I had intended to use foundationless, and with my first year under my belt, began adding foundationless to my hives. That I know of, I followed foundationless "best practices," meaning: starter strips, a ladder frame, full supers foundationless on almost perfectly level hives. Read the books of the natural masters. Read the blogs and posts of the rightous. 

Two results: 1. Comb that was poker straight, but just a little bit at an angle because it's impossible to have perfectly level hives. Caused a mess when pulling frames that ripped against each other and soaked lower frames with honey, and (2) drone comb everywhere. I mean everywhere. Huge drone comb I could put my finger in. 

I'm sharing just to add my experience, but it was equally poor, and I studied this from every angle. I kept reading that it was easy, let the bees build what they need, that in the end it will all work out fine, but my hives suffered. The result was very poor, no matter how you measure it. For me and my bees. 
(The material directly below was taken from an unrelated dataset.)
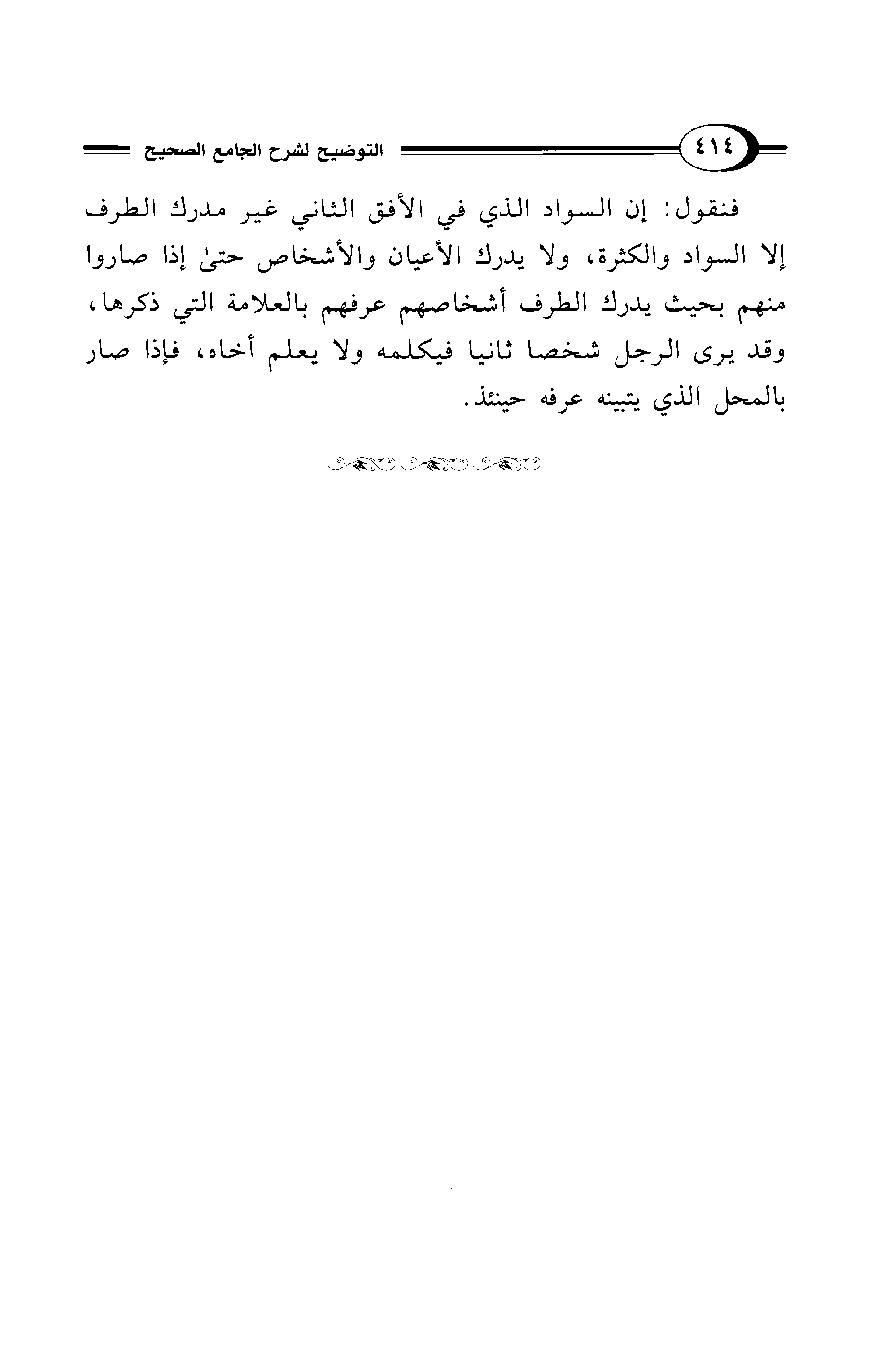 فنقول: إن السواد الذي في الأفق الثاني غير مدرك الطرف إلا السواد والكثرة، ولا يدرك الأعيان والأشخاص حتى إذا صاروا منهم بحيث يدرك الطرف أشخاصهم عرفهم بالعلامة التي ذكرها، وقد يرى الرجل شخصا ثانيا فيكلمه ولا يعلم أخاه، فإذا صار بالمحل الذي يتبينه عرفه حينئذ.

Good luck, I'm still a beek and still learning, enjoying!


----------



## NorthernIllinoisPlumber (Aug 17, 2010)

I alternate my frames to keep them straight in the brood area. I also throw some frames with starter strips in the supers to get some cut comb as well. 

As far as the drone comb, take the advice given...the bees will work it out. 

Good luck!


----------



## Solomon Parker (Dec 21, 2002)

wadehump said:


> They will draw what they need and want and only the bees know what they need and want.


I'm going to respectfully disagree with this thesis and I'll tell you why. This is addressed to no specific person, only the thesis.

In a truly natural hive, in a tree hollow or under a rock somewhere, all the comb is built largely in one pass. The hive builds the broodnest first and surrounds it with drone and honey comb. Those combs do not get moved. There is no inserting empty frames to be drawn out. That's the fundamental catch with the 'what the bees want' thesis.

You'll find it works far better for some than others. It works well for Michael Bush for instance. But he rarely moves his comb. He deals with hives by the box, not by the frame.

The bees don't know 'what they want' because the hive keeps changing. Therefore what they give you and what you want are two different things. Because it's not necessarily what they want either. They are responding to a stimulus the only way they know how. The fact that they're not doing what you think they should is the most obvious evidence that your expectations and theories are incorrect and they need to change.


----------



## Rick 1456 (Jun 22, 2010)

Unless that hive has a drone layer. 
That was one of my points. Drone layer, laying workers, and if you see a lot of drones all of a sudden you may have a new/virgin queen and visiting drones. Actually, none of which are a result of drone comb amounts. Just an observation.


----------



## deknow (Jul 17, 2006)

odfrank said:


> I learned not to jump on and believe in every new bandwagon being proposed to us internet reading beekeepers, only dabble in it experimentally, not listen to the latest up and coming beekeeping website/book authors who have something to sell, and stick with methods time tested for 150 years .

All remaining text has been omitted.